Warning, some technical info below!
----------------------------------

You want to use an FFT length that gives you somewhere around 5-10Hz of spectral resolution or 50-100ms of time resoultion. That is a good starting point.

Increasing the FFT length will allow you to better estimate frequencies that are constant in the plot (you will see the lines get much tighter) but the area of changing freqs (like the overhead pass part of the curve) will get "blockier". The is the classic compromise in the spectrogram method. Likewise, decreasing the FFT length will give more error in the constant frequency areas, but it will give the overhead pass better resolution.
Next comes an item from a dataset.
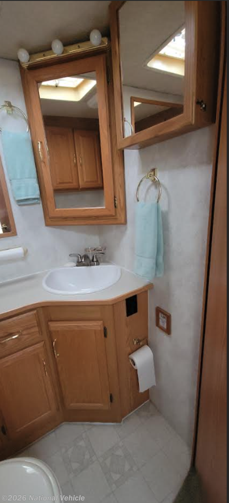 This coach features a bathroom complete with a spacious shower, toilet, and a sink with a medicine cabinet above for your convenience.
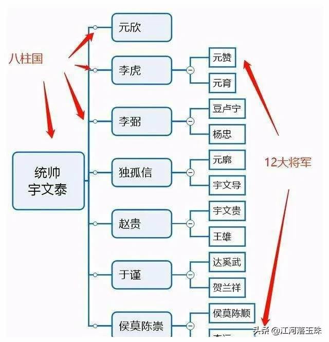 “关陇集团”和现在的股份制公司差不多,董事会成员一共有八个,宇文泰是董事长,其他的七位董事则分别是关陇地区不同世家大族的代表,他们也被并称为“八大柱国大将军”,这其中就包括了唐高祖李渊的爷爷——李虎,以及隋文帝杨坚的老丈人——独孤信。除了这八位董事会成员以外,关陇集团还有十二位分管公司业务的大将军,宇文董事长把西魏所有的军权分成了十二个部分,每个大将军掌管其中一个部分,而八大柱国董事会则负责管理这十二个大将军

This is called time-bandwidth product. Increasing the FFT length gives better freq. determination (a constant tone in the file) at the cost of worse time resolution (being able to tell when a tone started and stopped in the file). Decreasing the FFT length gives better time resolution at the cost of worse freq. determination. There are ways to mitigate these issues, like moving to wavelet processing. But that is probably overkill here.

For the user, determining the best compromise between freq. and time resolution to estimate the doppler frequencies is part of the process. You want to be able to tell exactly when the overhead pass started and ended with impeccable frequency resolution, but this is something you cant do. In short, improving accuracy of one requirement makes the other one worse. But there is a middle ground.  I have found that a 10Hz freq resolution gives a good compromise and allows very accurate Doppler measurements!